Exercise data Start Marker

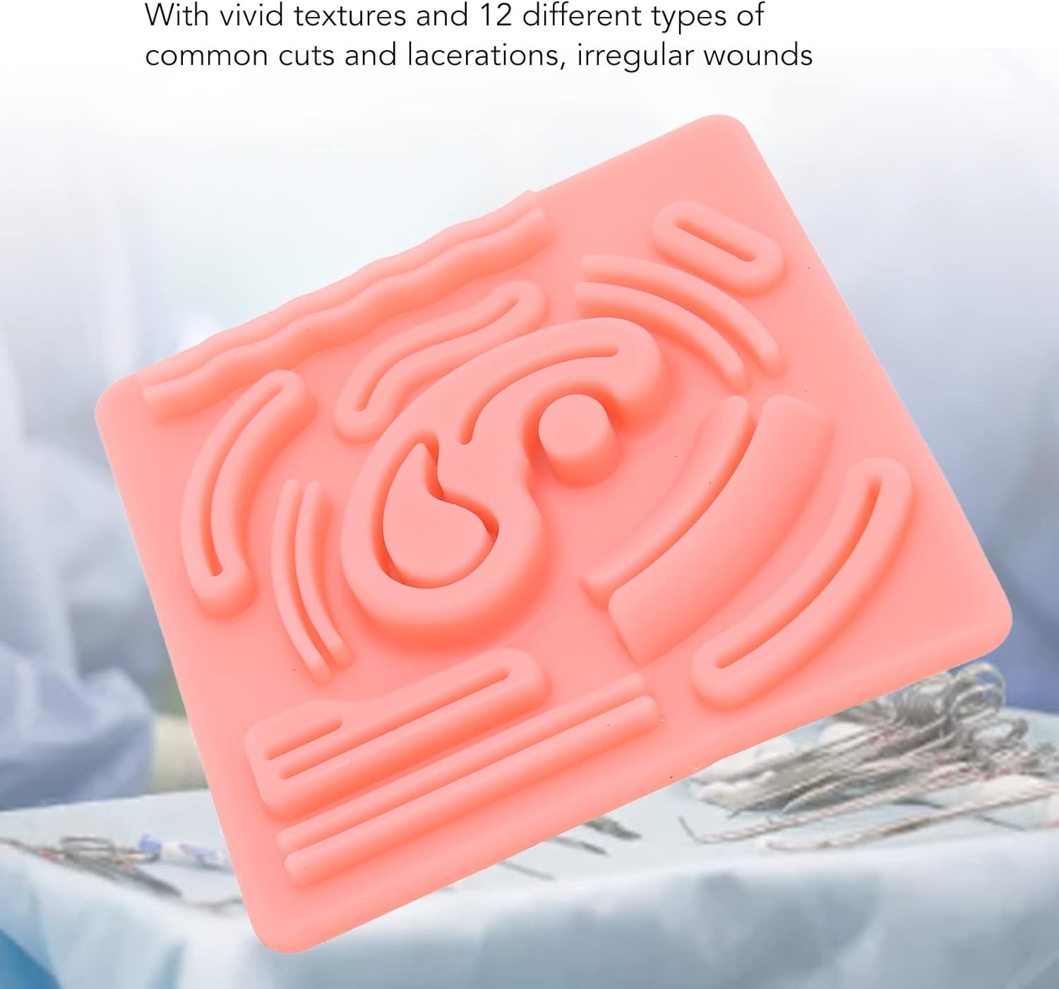 Made from non-toxic medical-grade silicone, this pad simulates the look, feel, and resistance of abdominal tissue layers. The raised and curved wound patterns allow you to practise different incision depths, angles, and suturing techniques, closely mimicking real-life scenarios encountered in skills labs, OSCE prep, and early clinical rotations.
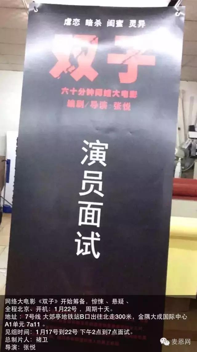 麦恩网与北京欢乐无限文化传播公司联合出品的电影《双子》已进入演员面试阶段。北京的演员们,速度、速度、速度噢!
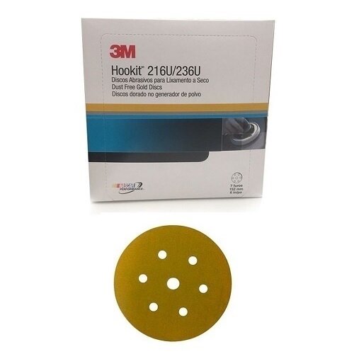 O Disco para Lixamento a Seco 216U proporciona um corte preciso e mais agressivo se comparado com um abrasivo de revestimento fechado de mesmo grão, sem acúmulo de pó no disco. Está disponível em discos de 152mm de diâmetro para substratos que incluem revestimentos transparentes, fibra de vidro, pintura, plástico e base. Resistente a Pó e Detritos. Revestimento aberto significa que os grãos abrasivos do nosso 3M Disco 216U estão posicionados com espaços entre eles para ajudar a evacuar o pó do lixamento e outros detritos para evitar a obstrução do corte dos grãos. O revestimento resistente dos grãos abrasivos também permite que o disco continue cortando mesmo ao lixar tintas e outros materiais que, de outra forma, iriam obstruir o disco e comprometer a capacidade de lixamento. Tudo isso ajuda no aumento da produtividade e na redução de consumo de materiais. Padrão de 7 furos para eliminar o pó. Os discos Hookit se removem de maneira limpa e simples, garantindo uma vida útil maior para o disco e um acabamento consistente.
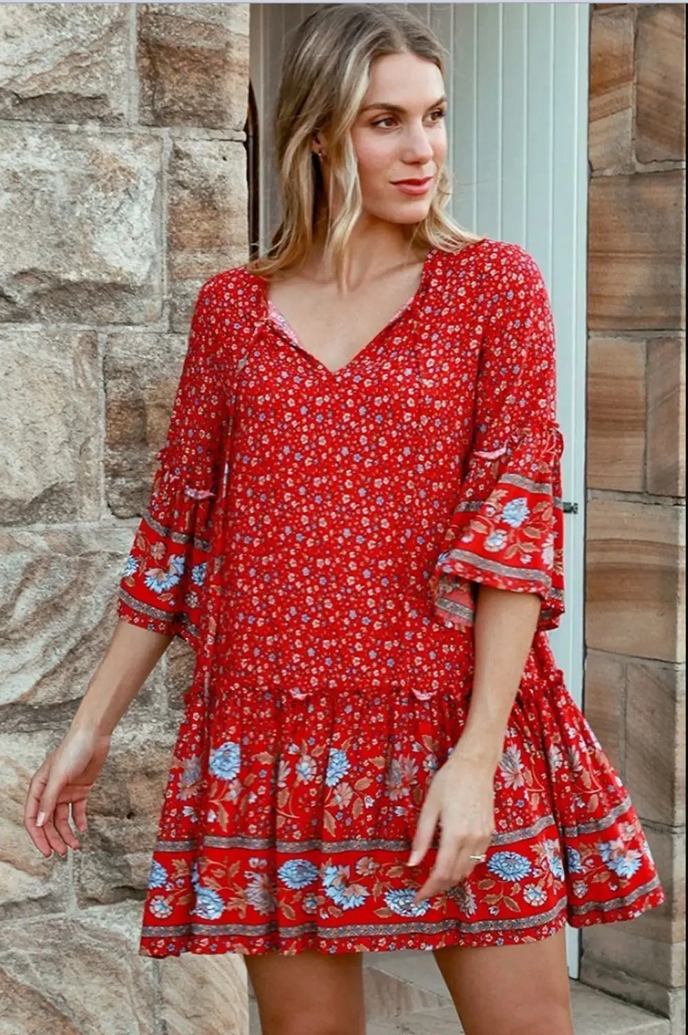 Женское богемное пляжное мини-платье Happie Queens, с цветочным при...
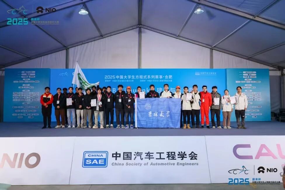 2025年10月8日,再次奔赴郑州参加2025“吉利杯”中国老员工方程式汽车大赛。针对雨战凭借扎实的专业能力,现场对赛车混合动力系统、车身稳定控制系统、扭矩分配控制系统进行特调,保证赛车在湿滑赛道的稳定性。作为车队主力车手,在其它强队接连做出强势有效圈速时,吴林阳顶住压力最终取得高速避障全场第二的好成绩。在耐久赛中,凭借精湛驾驶技术,将圈速刷新到1.06.625,做出了雨地最快单圈。
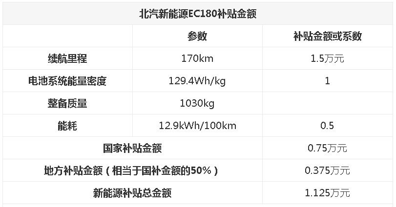 北汽新能源的EC180是去年国内销量最高的纯电动车型。它是一款微型纯电动汽车,按照我们之前的分析,它将是补贴新标准的“受害者”。实际情况如何呢?它到底能够拿到多少补贴?
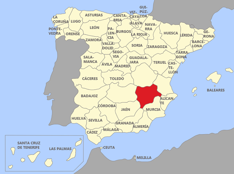 5) ¿Qué provincia española (en rojo en la imagen siguiente) limita al sur con las provincias de Murcia y Granada?
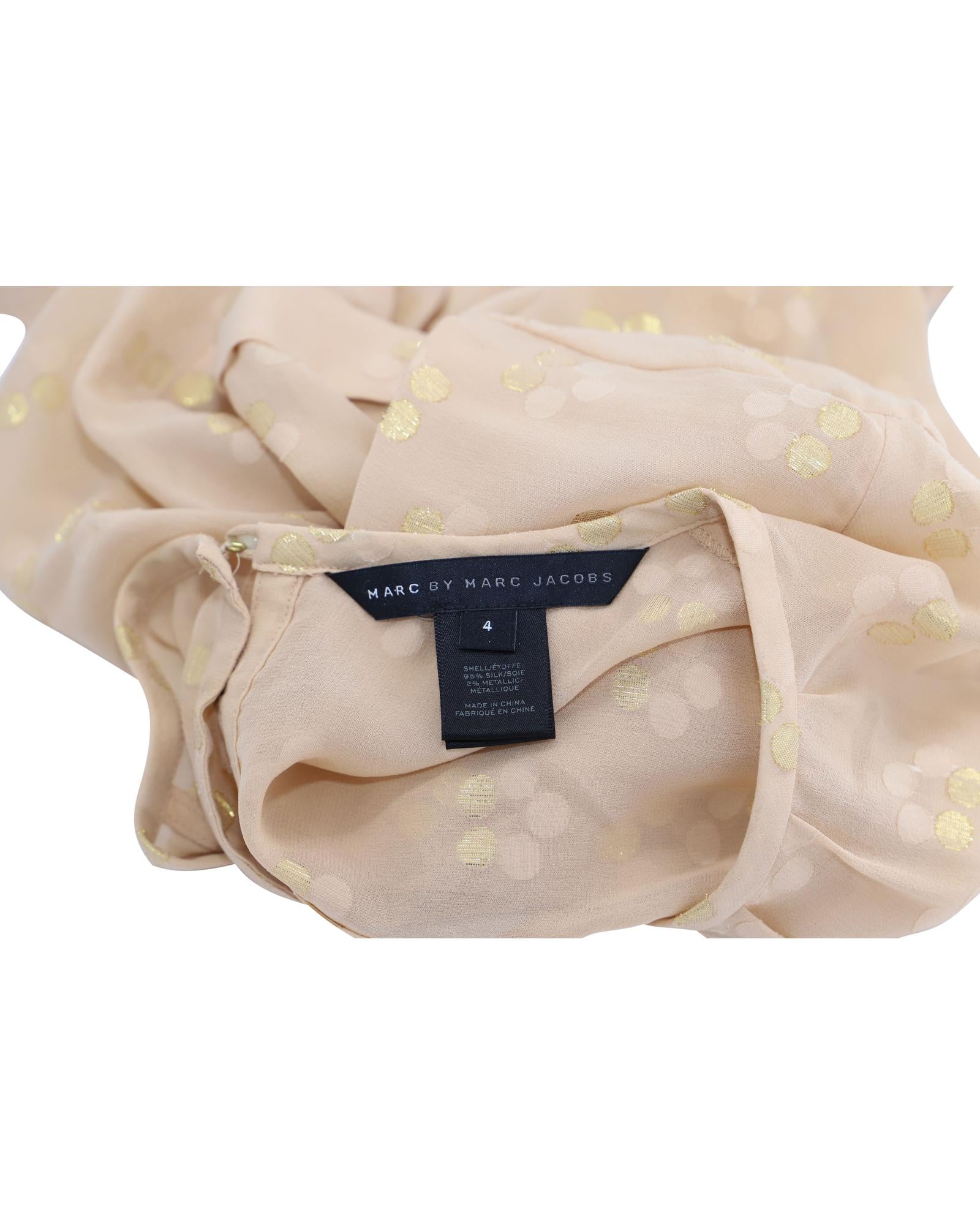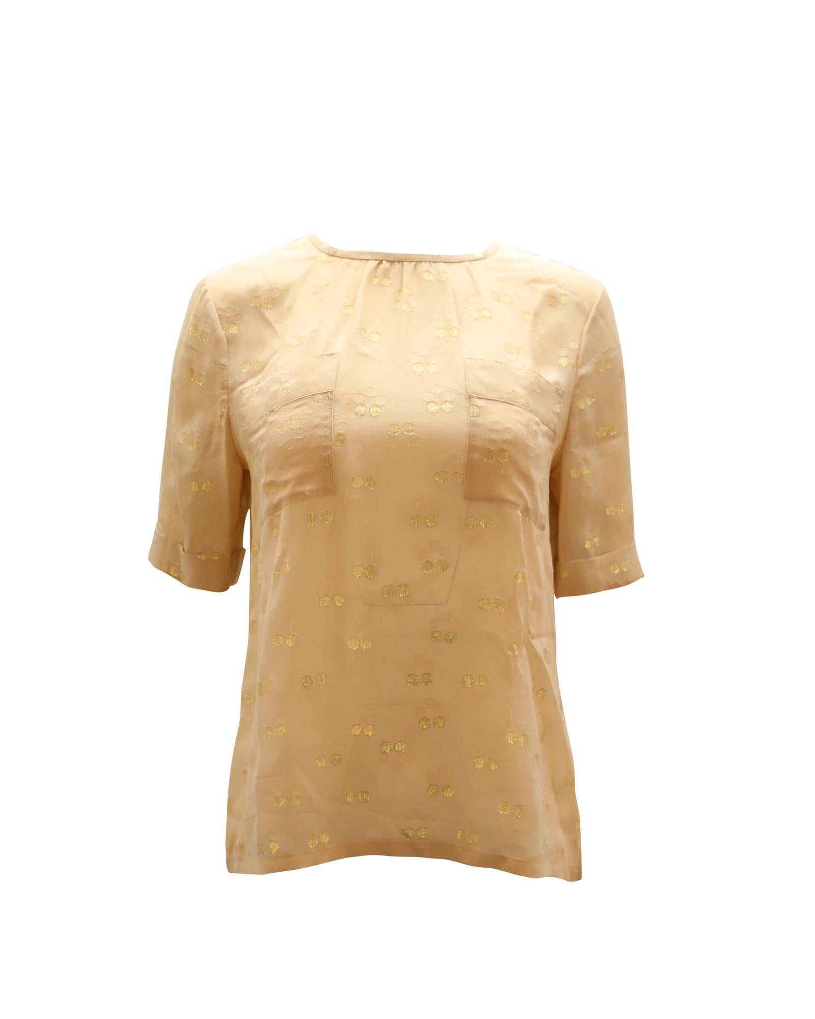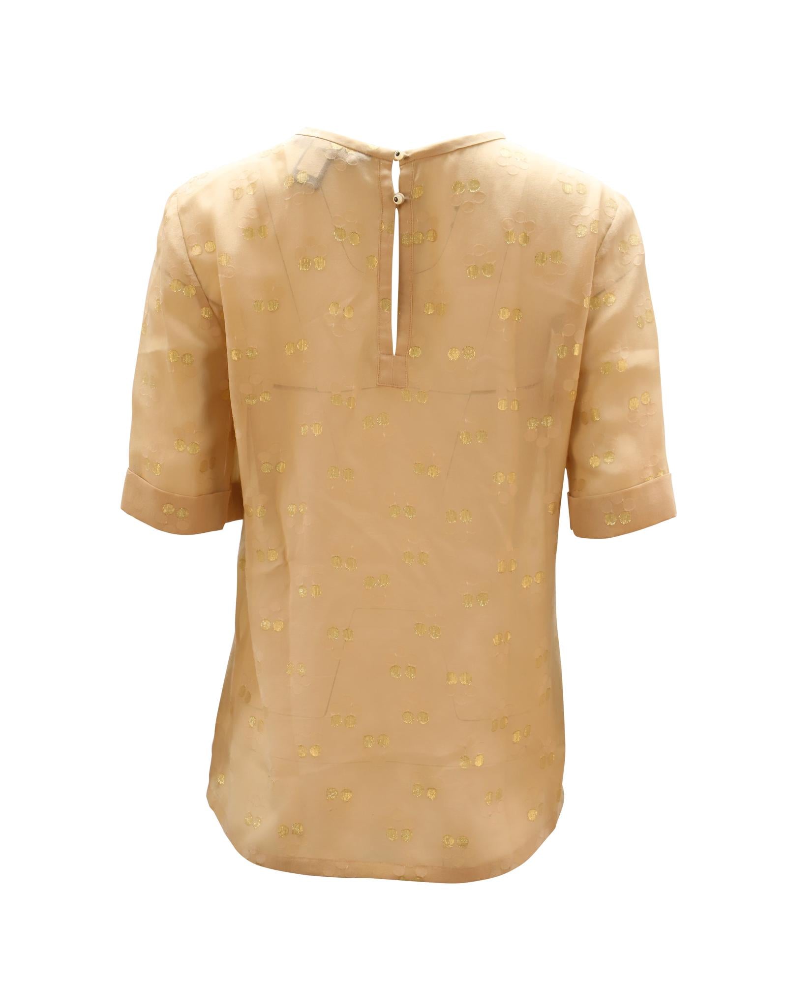 Pre-owned Silk Blouse Short Sleeves Gold Print
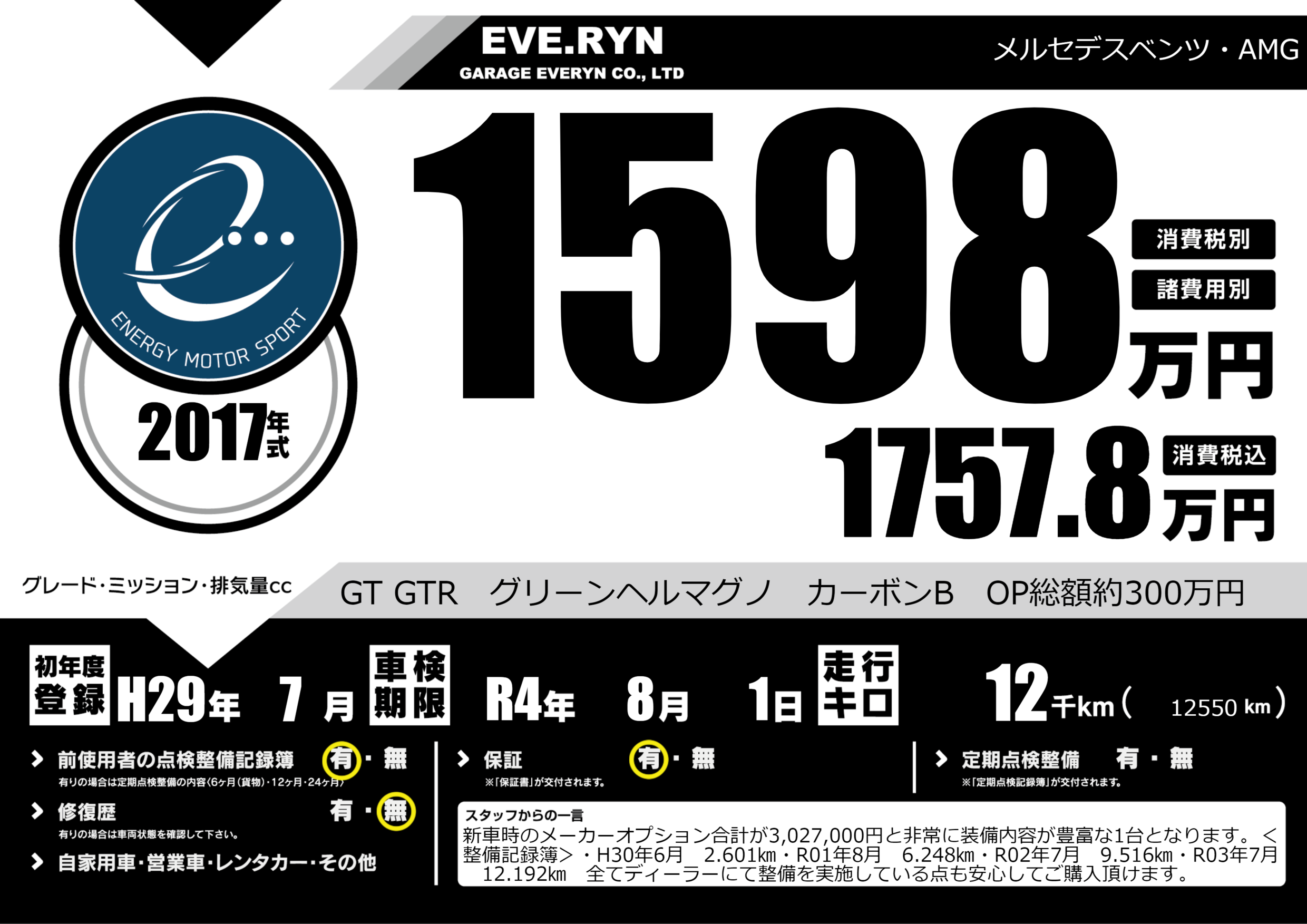 GT GTR グリーンヘルマグノ カーボンB OP総額約300万円 |

Exercise data End Marker

- _Task statement_
Write out every entry again word for word, without any of the pictures.

- _Your solution_
 Made from non-toxic medical-grade silicone, this pad simulates the look, feel, and resistance of abdominal tissue layers. The raised and curved wound patterns allow you to practise different incision depths, angles, and suturing techniques, closely mimicking real-life scenarios encountered in skills labs, OSCE prep, and early clinical rotations.
 麦恩网与北京欢乐无限文化传播公司联合出品的电影《双子》已进入演员面试阶段。北京的演员们,速度、速度、速度噢!
 O Disco para Lixamento a Seco 216U proporciona um corte preciso e mais agressivo se comparado com um abrasivo de revestimento fechado de mesmo grão, sem acúmulo de pó no disco. Está disponível em discos de 152mm de diâmetro para substratos que incluem revestimentos transparentes, fibra de vidro, pintura, plástico e base. Resistente a Pó e Detritos. Revestimento aberto significa que os grãos abrasivos do nosso 3M Disco 216U estão posicionados com espaços entre eles para ajudar a evacuar o pó do lixamento e outros detritos para evitar a obstrução do corte dos grãos. O revestimento resistente dos grãos abrasivos também permite que o disco continue cortando mesmo ao lixar tintas e outros materiais que, de outra forma, iriam obstruir o disco e comprometer a capacidade de lixamento. Tudo isso ajuda no aumento da produtividade e na redução de consumo de materiais. Padrão de 7 furos para eliminar o pó. Os discos Hookit se removem de maneira limpa e simples, garantindo uma vida útil maior para o disco e um acabamento consistente.
 Женское богемное пляжное мини-платье Happie Queens, с цветочным при...
 2025年10月8日,再次奔赴郑州参加2025“吉利杯”中国老员工方程式汽车大赛。针对雨战凭借扎实的专业能力,现场对赛车混合动力系统、车身稳定控制系统、扭矩分配控制系统进行特调,保证赛车在湿滑赛道的稳定性。作为车队主力车手,在其它强队接连做出强势有效圈速时,吴林阳顶住压力最终取得高速避障全场第二的好成绩。在耐久赛中,凭借精湛驾驶技术,将圈速刷新到1.06.625,做出了雨地最快单圈。
 北汽新能源的EC180是去年国内销量最高的纯电动车型。它是一款微型纯电动汽车,按照我们之前的分析,它将是补贴新标准的“受害者”。实际情况如何呢?它到底能够拿到多少补贴?
 5) ¿Qué provincia española (en rojo en la imagen siguiente) limita al sur con las provincias de Murcia y Granada?
 Pre-owned Silk Blouse Short Sleeves Gold Print
 GT GTR グリーンヘルマグノ カーボンB OP総額約300万円 |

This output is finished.